:: RECORDED INFORMATION ::

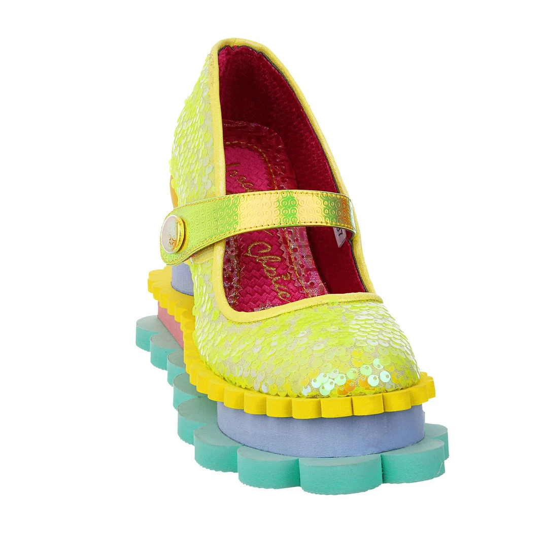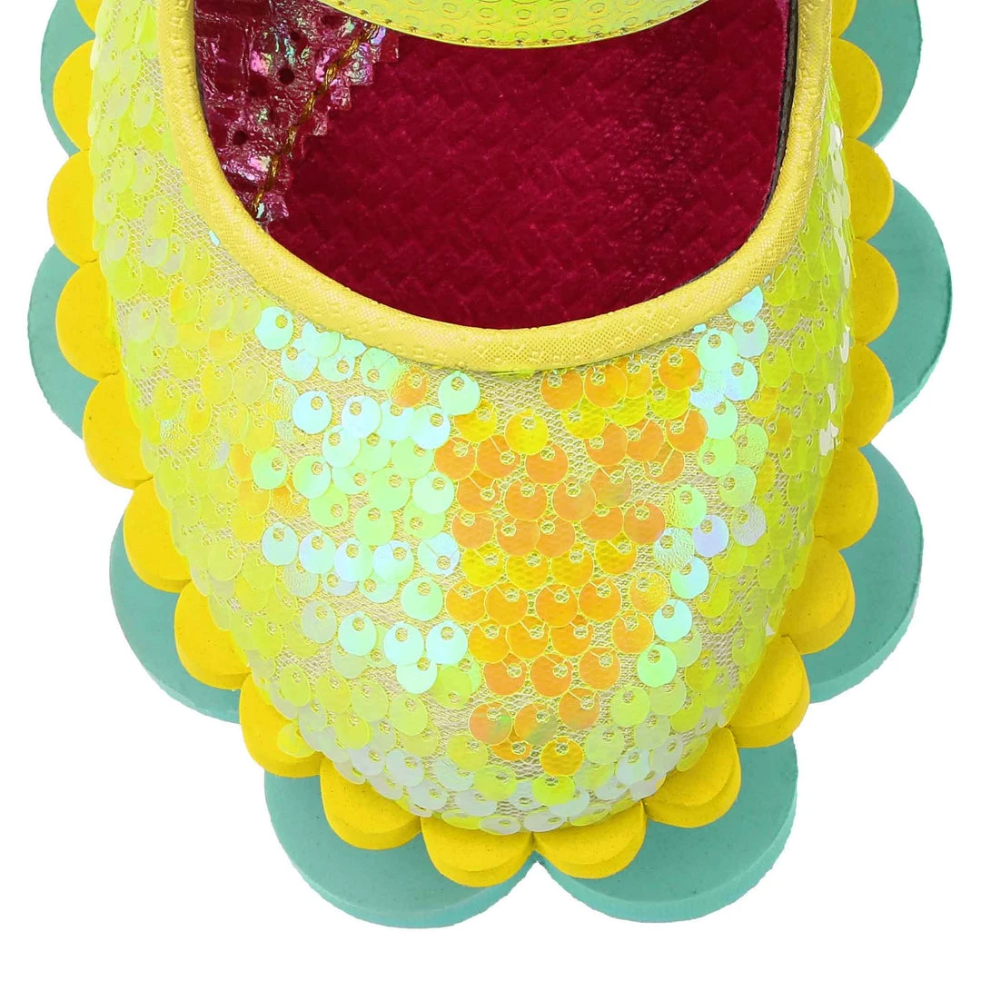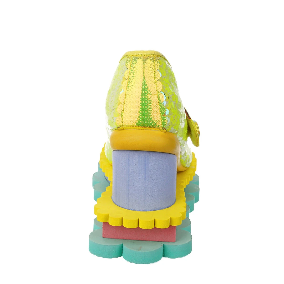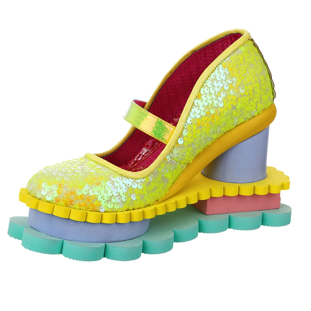 Give your outfit a SPLASH of colour in these special somethings! Bright and iridescent yellow sequins on the upper are combined with a matching iridescent Mary Jane strap and piping to give an overall appearance of magic! The eye-catching wedge heel is made from block colours in gorgeous pastel cookie-cutter inspired shapes – the perfect tasty addition to your wardrobe!
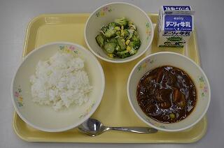 献立は、チキンカレー、日向夏ドレッシングサラダでした。チキンカレーは、子どもたちも大好きなメニューで、具材も柔らかく煮てあり、味も丁度よい辛さでした。日向夏ドレッシングサラダは、日向夏のさわやかな酸味とシャキシャキの野菜の甘みが合わさって、とてもさわやかな一品でした。カレーの後味にもよく合いました。おいしくいただきました。
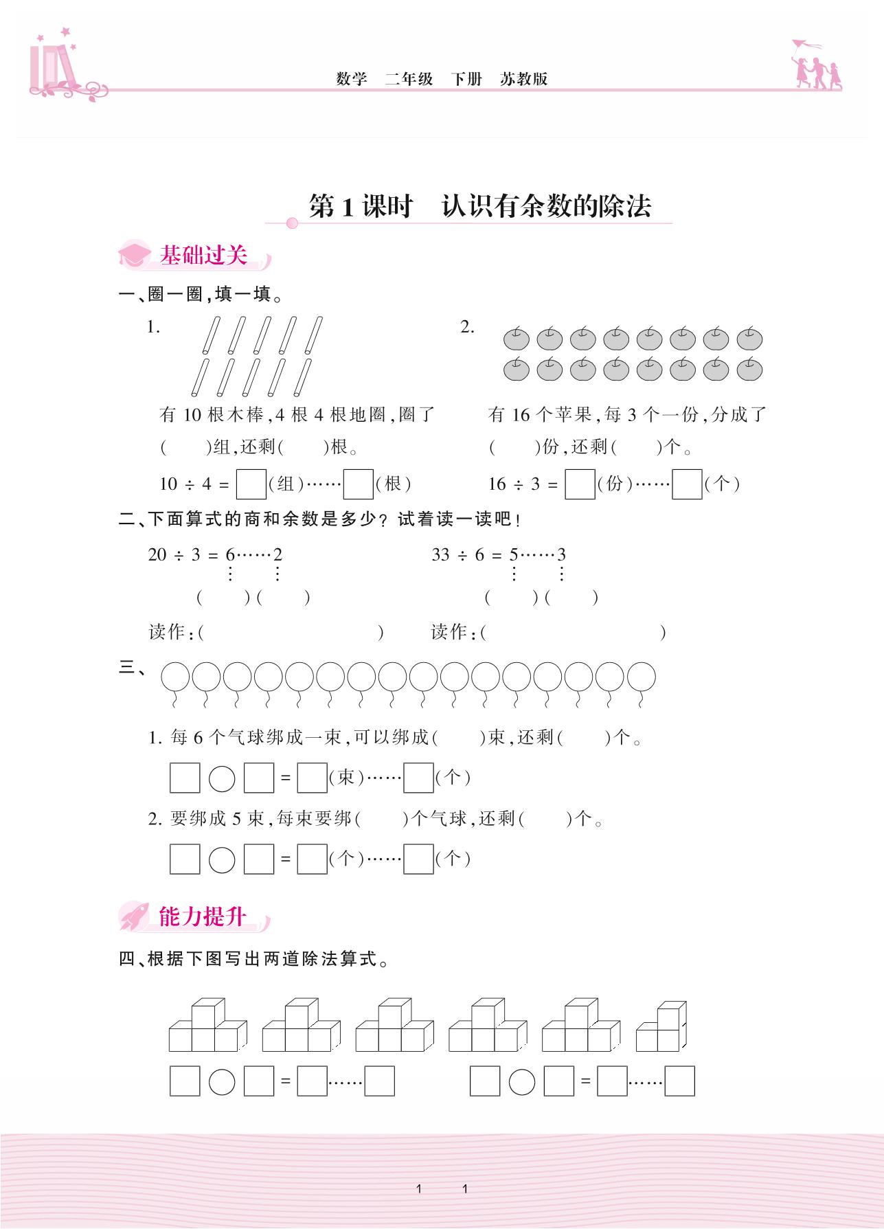 2021下册二年级数学苏教版 一 有余数的除法——第1课时 认识有余数的除法
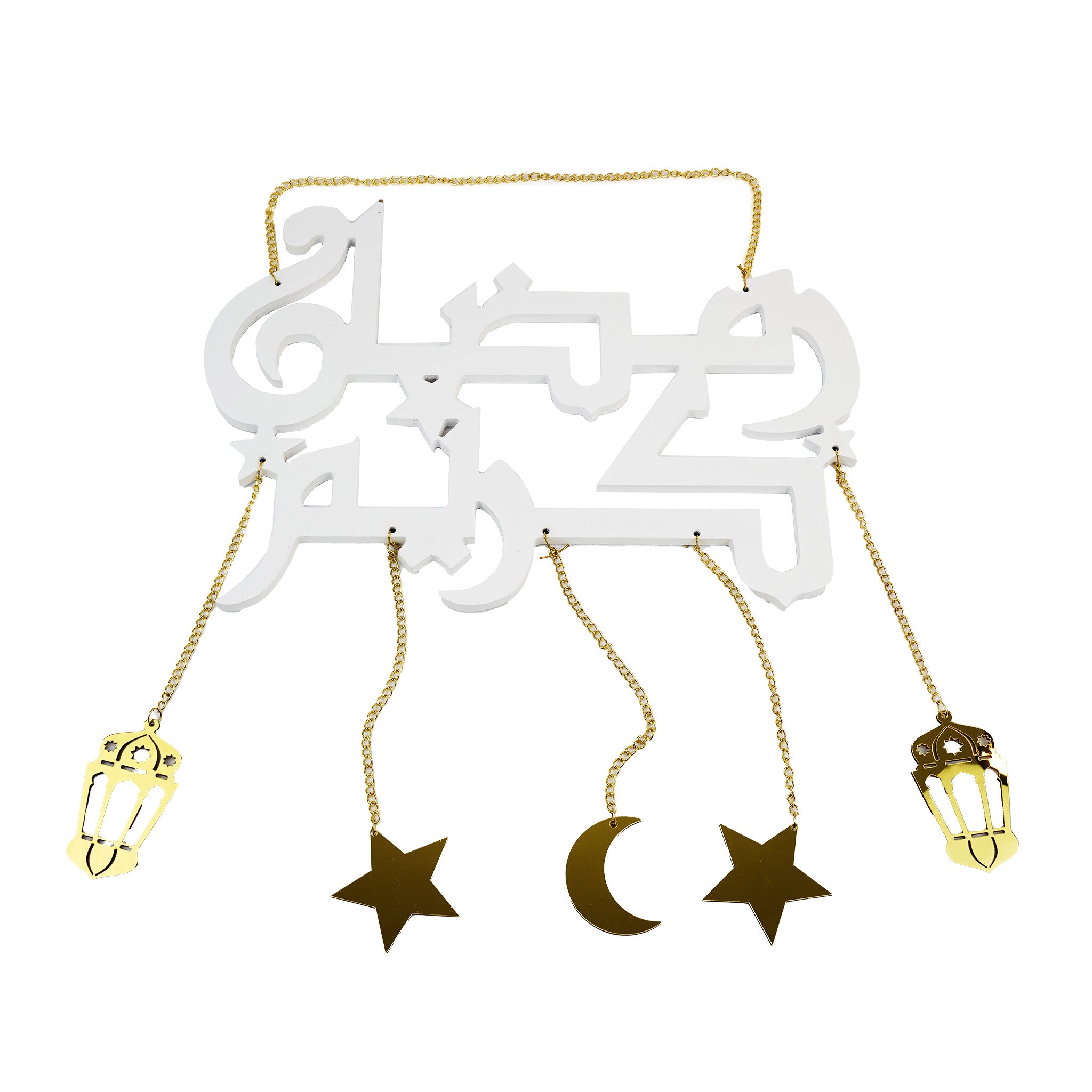 White Ramadan Kareem Wooden Hanging Sign with Lantern and Moon (757-75)
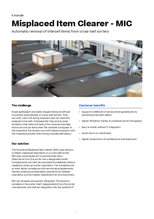 The innovative Misplaced Item Clearer (MIC) uses sensors to detect misplaced shipments on a cross-belt sorter. MIC uses compressed air to automatically blow these items from the sorter into a designated outlet. Consignments can then be processed immediately without needing to interrupt sorter operations. This translates into an even better compliance with service level agreements, thereby reducing compensation payments for delayed shipments, and into higher satisfaction for end customers. MIC can be easily and quickly integrated. The device is installed on the sorter itself, independently from the sorter manufacturer and without integration into the system’s IT.

:::

EXERCISE PROMPT >> Only the lines between the one with "献立は、チキンカレー、日向夏" and the one with "White Ramadan Kareem", those two included, get copied from the material above. Keep it exact and free of pictures.

EXERCISE ANSWER >>
 献立は、チキンカレー、日向夏ドレッシングサラダでした。チキンカレーは、子どもたちも大好きなメニューで、具材も柔らかく煮てあり、味も丁度よい辛さでした。日向夏ドレッシングサラダは、日向夏のさわやかな酸味とシャキシャキの野菜の甘みが合わさって、とてもさわやかな一品でした。カレーの後味にもよく合いました。おいしくいただきました。
 2021下册二年级数学苏教版 一 有余数的除法——第1课时 认识有余数的除法
 White Ramadan Kareem Wooden Hanging Sign with Lantern and Moon (757-75)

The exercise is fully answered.